The description is well-structured with clear sections (purpose, usage guidelines, features, parameters, behavior, management, safety, procedures) but is quite lengthy. While every section adds value, some redundancy exists (e.g., status/priority management appears in multiple sections), preventing a perfect score for conciseness.

Shorter descriptions cost fewer tokens and are easier for agents to parse. Every sentence should earn its place.

Completeness5/5

Given the tool's complexity, does the description cover enough for an agent to succeed on first attempt?

For a destructive tool with no annotations and no output schema, the description provides exceptional completeness. It covers purpose, usage scenarios, parameter semantics, behavioral details, safety considerations, procedural workflows, and edge cases. The absence of output schema is compensated by mentioning 'JSON-formatted response with operation results' and 'Check the operation result' guidance.

Complex tools with many parameters or behaviors need more documentation. Simple tools need less. This dimension scales expectations accordingly.

Parameters5/5

Does the description clarify parameter syntax, constraints, interactions, or defaults beyond what the schema provides?

Despite 100% schema description coverage, the description adds significant value beyond the schema. It provides detailed 'Parameters explained' and 'Deletion behavior by type' sections that clarify what each parameter means in practice, including specific data structures for each operation type and behavioral differences between entity/relation/observation deletions.

Input schemas describe structure but not intent.
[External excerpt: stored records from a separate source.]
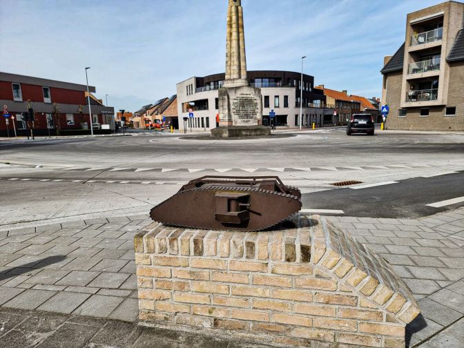At the end of WWI, a British MKIV tank was left behind in Poelkapelle and became a local landmark. A memorial was erected here to commemorate the British tank battalions that helped liberate Poelkapelle. The real tank was removed for restoration and replaced with a replica.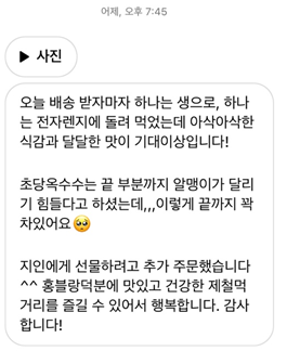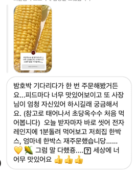 모든 초당 옥수수라고 해서 맛의 농도와 당도가 같지 않습니다. 같은 농가에서 나오는 원물이라고 해서 모두 같지 않죠. 굉장히, 아주 깐깐한 제가 직접 조르고 졸라 받게 된 초당 옥수수이기에 자부합니다.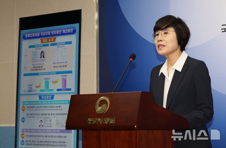 [세종=뉴시스] 강종민 기자 = 이순희 국민권익위원회 사회제도개선과장이 13일 세종시 정부세종청사에서 장애인등록증 국외이용 편의증진 개선방안을 설명하고 있다. 2025.08.13. [email protected]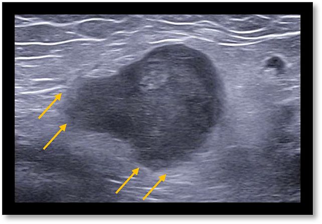 - Perinodal hyperechogenic ring: a bright rim around the node, not limited to the posterior region, indicative of a desmoplastic reaction (Figure 9).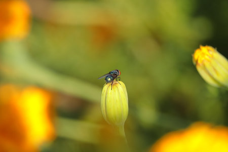 Macro Photography of Housefly on Flower Isolated on Black Background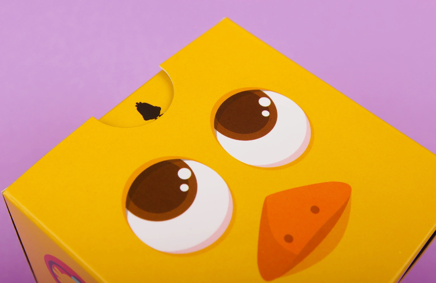 I designed a square collector box with one goal. Make people react before they even touch the product. No patterns. No noise. Just two sleepy eyes staring back at you, introducing Mosaad, the duck who became our signature character.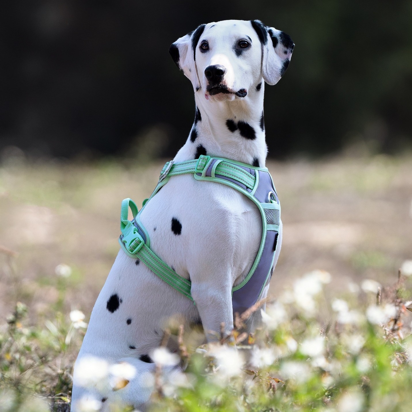 - Odblaskowe przeszycia 3M™ Scotchlite™ — smycz odbija światło reflektorów i latarek; widoczna z dużej odległości po zmroku, na jesienno-zimowych spacerach i o świcie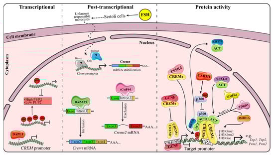 CREM is widely recognized as a crucial regulator of spermatogenesis; therefore, the comprehension of its modulation at all levels is relevant. A well-established aspect is the direct regulation of CREM activity by ACT-KIFL7b, while the involvement of other ACT-like factors is still largely unclear (see [16] for the latest review). This section focuses on analyzing recent reports on new CREM modulators at transcriptional, post-transcriptional and post-translational levels and their mechanisms, which are summarized in Figure 4.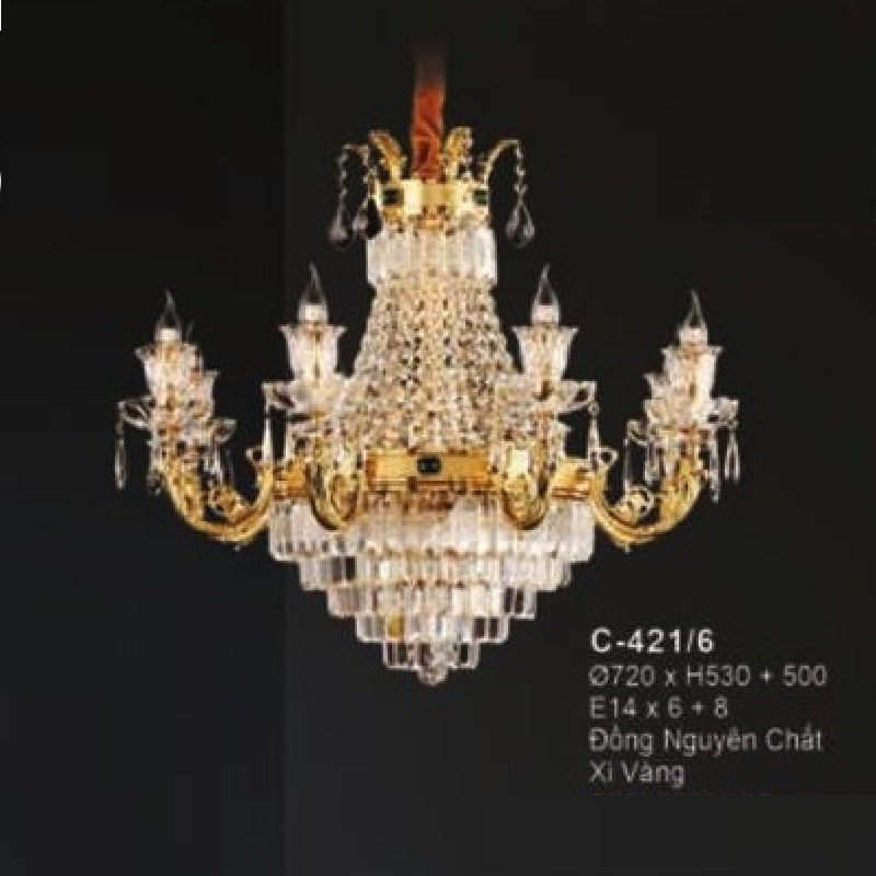 - Sản phẩm: E - C - 421/6: Đèn chùm nến Phale 6 tay - KT: Ø720mm x H530mm + 500mm - Bóng đèn E14 x 14 bóng
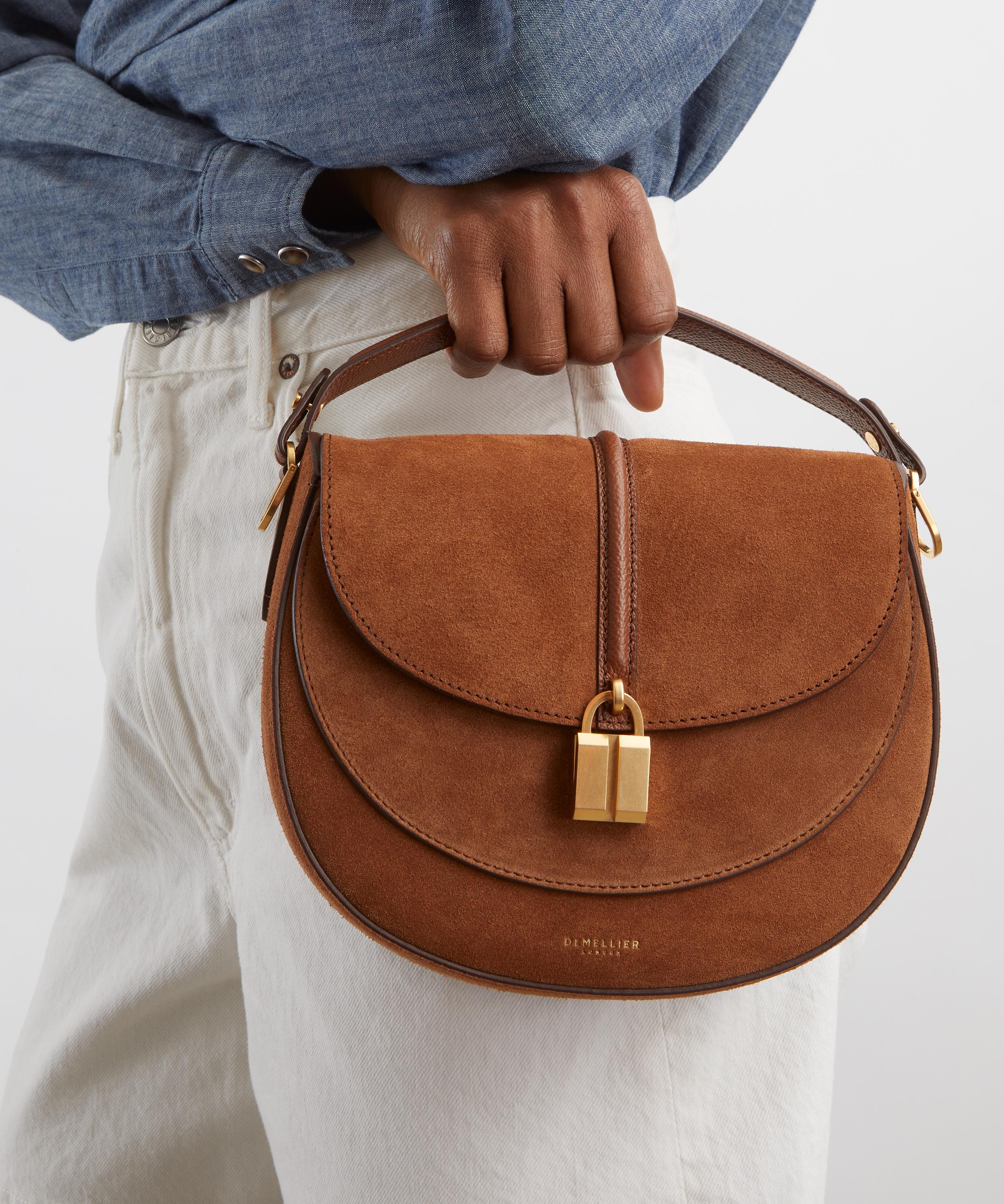 Crafted with integrity from velvety suede by skilful artisans, it’s defined by a softly curved saddle silhouette accentuated with a bombe leather trim and a brushed gold-plated magnetic padlock closure. Inside, it features a practical front flap and a main compartment, including an interior slip pocket for valuables. Complete with a detachable top handle and an adjustable strap, it can be styled over the shoulder, carried by hand or worn cross-body.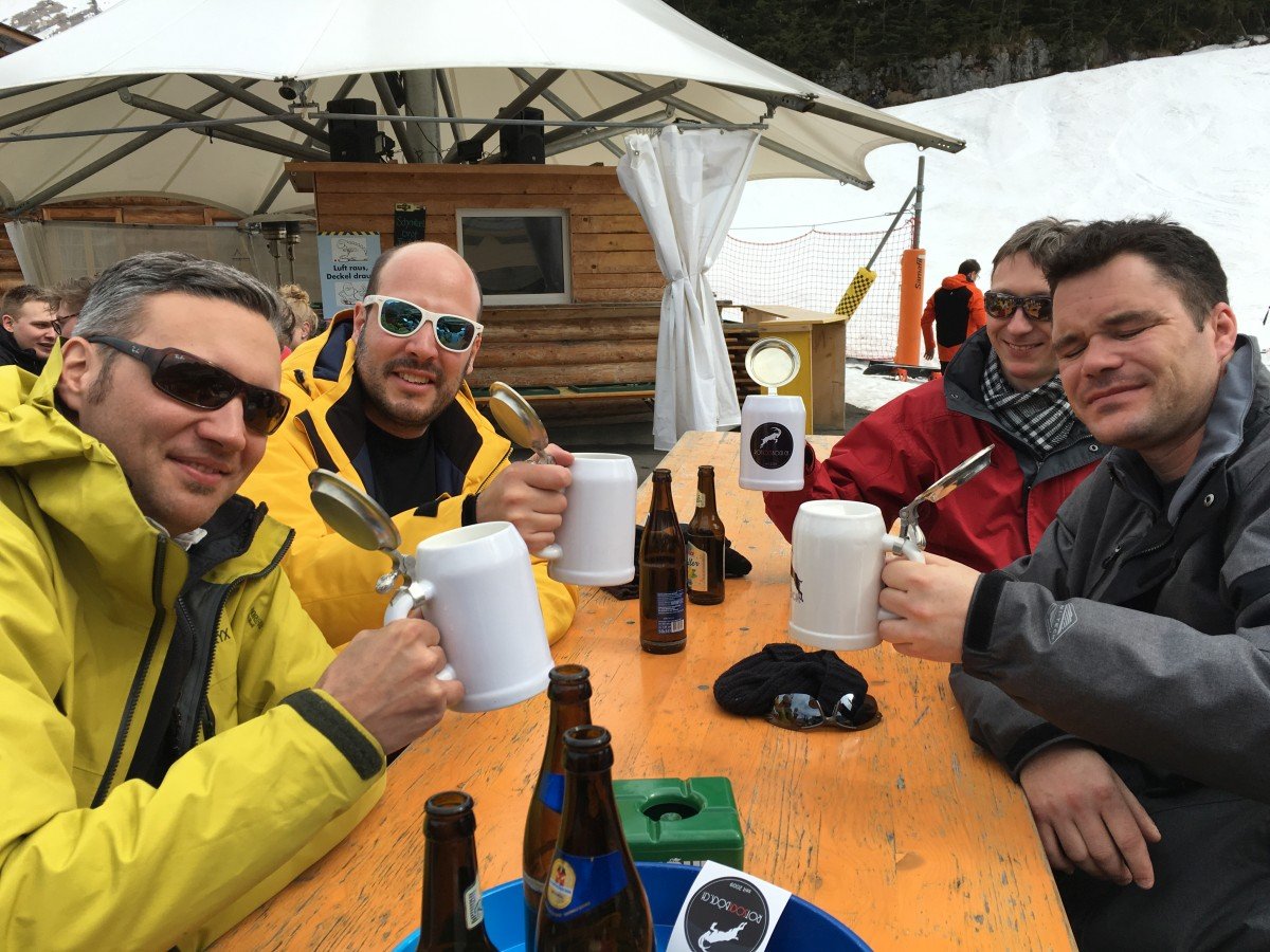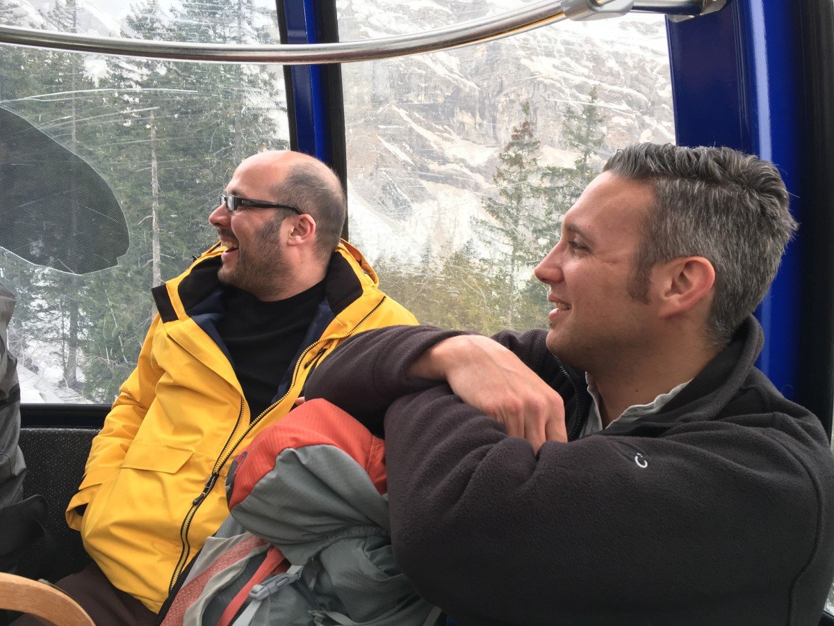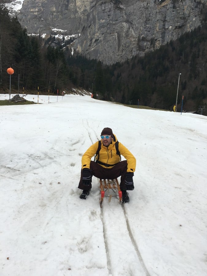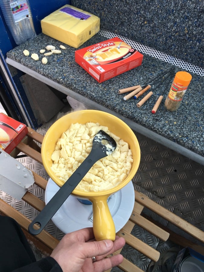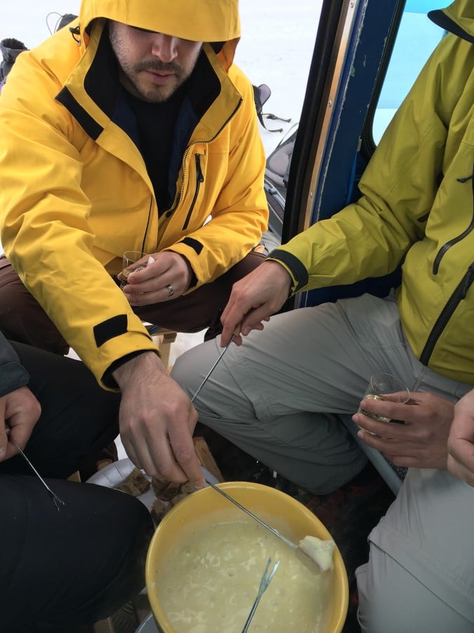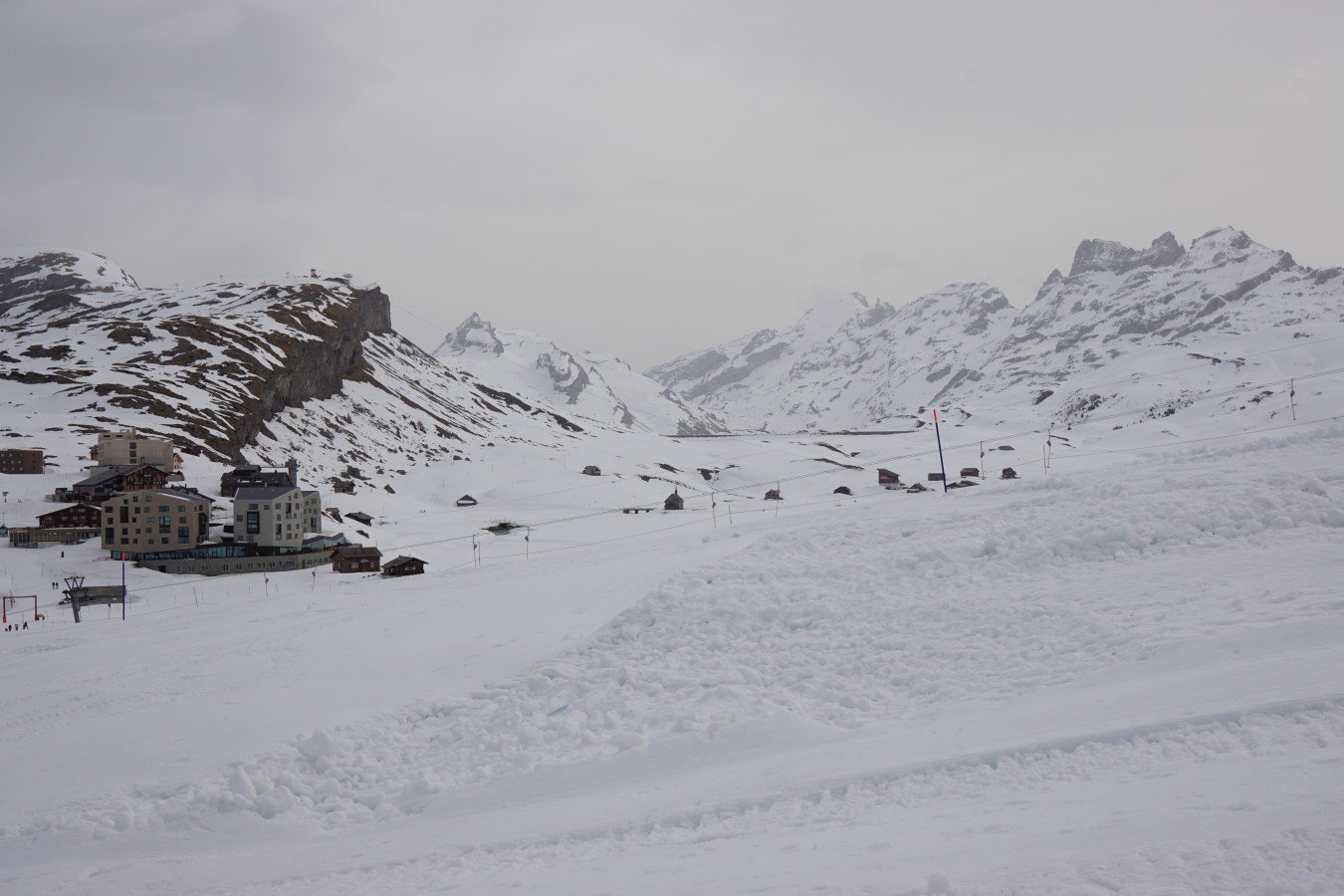 Nach kurzer Zeit wurde es uns zu bunt und wir wanderten dem See entlang wo wir zwei altgediente Gondeln fanden. Perfekt für ein feines Pistenfondue trotz bissigem Wind. Mit dem Schlitten gings danach über die Cheselen zurück in die Stöckalp.

Descriptions should explain non-obvious parameter relationships and valid value ranges.

Purpose5/5

Does the description clearly state what the tool does and how it differs from similar tools?

The description clearly states the tool's purpose: 'removing elements from your educational knowledge graph' with specific deletion operations (entities, relationships, observations). It distinguishes from siblings like 'buildcontext' (creation) and 'loadcontext' (retrieval) by focusing exclusively on deletion operations.

Agents choose between tools based on descriptions. A clear purpose with a specific verb and resource helps agents select the right tool.

Usage Guidelines5/5

Does the description explain when to use this tool, when not to, or what alternatives exist?

The description provides explicit 'When to use this tool' section with 10 specific scenarios (e.g., 'Removing completed or dropped courses', 'Deleting obsolete relationships'), plus a numbered 'You should' section with 11 procedural guidelines. It clearly differentiates when to use this deletion tool versus creation/retrieval siblings.

Agents often have multiple tools that could apply. Explicit usage guidance like "use X instead of Y when Z" prevents misuse.